Вскоре же приехал в Коканд Кауфман. Здесь он устроил заседание или, вернее, собеседование с губернатором, с чинами организационной комиссии и с некоторыми чинами местной администрации. Больше всех говорил К.П., вообще любивший и умевший поговорить. Несколько раз говорил и Скобелев; говорил, по обыкновению, складно, красиво и остроумно. Вместе с тем отлично помню, что я два-три раза в буквальном смысле слова был поражен острой впечатлительностью его ума и силой его, так сказать, «научного воображения»[669]. С нескольких слов он понимал своего собеседника; он на лету схватывал чужую, до тех пор незнакомую ему мысль; по нескольким, относительно скудным данным его сильное «научное воображение» с изумительной быстротой создавало относительно грандиозную картину, близкую или к действительности, или к тому, что хотел сказать, но не успевал договорить собеседник.
В этом отношении и на меня, и на многих других Скобелев производил впечатление, безусловно, даровитого, выдающегося человека.
В. Наливкин
(Продолжение следует)
«Русский Туркестан». 1906, № 123
По отъезду Кауфмана наша комиссия приступила к предварительным работам, выразившимся главным образом в распределении комиссарских участков. Мне, ради близости к Намангану, в котором оставалась семья, пришлось начинать работу с злополучного кишлака Гур-тюбе, в котором год тому назад я воспринял не весьма приятные впечатления. Межевых чинов, которые должны были производить инструментальную съемку земли, еще не было; они только ожидались. Инструкция комиссарам была сфабрикована заранее. Согласно ей мы должны были разными способами собирать сведения об урожаях, базарных ценах, об ирригационных, почвенных и иных условиях, для определения норм податного населения. Кроме того, по очень обширной программе, должны были собираться разного рода статистические данные. Главнейшая суть дела была в схемке; но землемеров, как я уже сказал, не было.

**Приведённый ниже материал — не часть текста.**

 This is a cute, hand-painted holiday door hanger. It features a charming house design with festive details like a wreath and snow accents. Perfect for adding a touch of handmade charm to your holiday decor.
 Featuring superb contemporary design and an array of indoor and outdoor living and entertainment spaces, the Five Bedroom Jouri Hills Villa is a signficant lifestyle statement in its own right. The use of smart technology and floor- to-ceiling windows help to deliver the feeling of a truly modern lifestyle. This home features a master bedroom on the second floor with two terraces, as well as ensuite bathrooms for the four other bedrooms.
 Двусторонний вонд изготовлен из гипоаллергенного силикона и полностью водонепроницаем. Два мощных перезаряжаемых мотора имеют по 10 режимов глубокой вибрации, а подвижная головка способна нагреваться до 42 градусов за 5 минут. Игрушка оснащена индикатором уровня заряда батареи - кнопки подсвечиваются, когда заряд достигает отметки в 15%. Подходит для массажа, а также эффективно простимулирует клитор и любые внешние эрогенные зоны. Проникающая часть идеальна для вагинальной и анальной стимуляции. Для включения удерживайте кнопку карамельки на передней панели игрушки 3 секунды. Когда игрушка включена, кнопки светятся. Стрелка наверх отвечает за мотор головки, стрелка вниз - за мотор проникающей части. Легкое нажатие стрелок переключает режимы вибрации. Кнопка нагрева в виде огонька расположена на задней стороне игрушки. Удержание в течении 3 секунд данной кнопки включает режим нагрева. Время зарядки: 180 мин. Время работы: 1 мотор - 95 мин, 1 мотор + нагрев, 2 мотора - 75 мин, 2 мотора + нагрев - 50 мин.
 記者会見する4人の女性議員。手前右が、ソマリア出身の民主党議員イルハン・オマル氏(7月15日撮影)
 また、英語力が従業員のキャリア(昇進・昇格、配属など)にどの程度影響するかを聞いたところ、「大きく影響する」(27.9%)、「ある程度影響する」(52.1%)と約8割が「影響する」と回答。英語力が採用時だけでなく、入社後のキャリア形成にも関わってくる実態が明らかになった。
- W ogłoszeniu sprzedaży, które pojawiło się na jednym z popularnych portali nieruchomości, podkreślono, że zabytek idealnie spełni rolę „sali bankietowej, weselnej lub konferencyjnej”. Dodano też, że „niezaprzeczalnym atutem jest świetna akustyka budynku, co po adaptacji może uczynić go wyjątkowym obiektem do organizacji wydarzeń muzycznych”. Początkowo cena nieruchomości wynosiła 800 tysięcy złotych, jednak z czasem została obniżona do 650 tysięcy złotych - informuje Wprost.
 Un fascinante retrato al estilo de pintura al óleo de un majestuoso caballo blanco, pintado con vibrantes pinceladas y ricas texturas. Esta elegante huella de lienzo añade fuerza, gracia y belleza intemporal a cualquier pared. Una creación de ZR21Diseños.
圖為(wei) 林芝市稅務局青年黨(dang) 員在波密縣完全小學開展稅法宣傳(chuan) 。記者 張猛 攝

Запасшись инструкциями и разными сведениями, я отправился в Наманган. Устроив там свое маленькое походное хозяйство, с джигитом и переводчиком (тогда я не мог еще свободно говорить по-сартовски[670]) я выехал в Гур-тюбе, «к месту своего нового служения».
Приезжаю в Гур-тюбе вечером. Осень. Холодно становится. Старшина устраивает меня в грязной, сырой и совершенно темной сакле, с крохотным отверстием в крыше. На следующий день утром отправляюсь бродить по кишлаку с целью осмотреться немного и попутно собрать какие-либо «статистические данные». Решаю на первый раз произвести счет немногочисленным домам небольшого кишлака и записать имена домохозяев. Сарты бегут от меня и запирают калитки и ворота на запоры. Стучу – не отворяют; зову – не откликаются.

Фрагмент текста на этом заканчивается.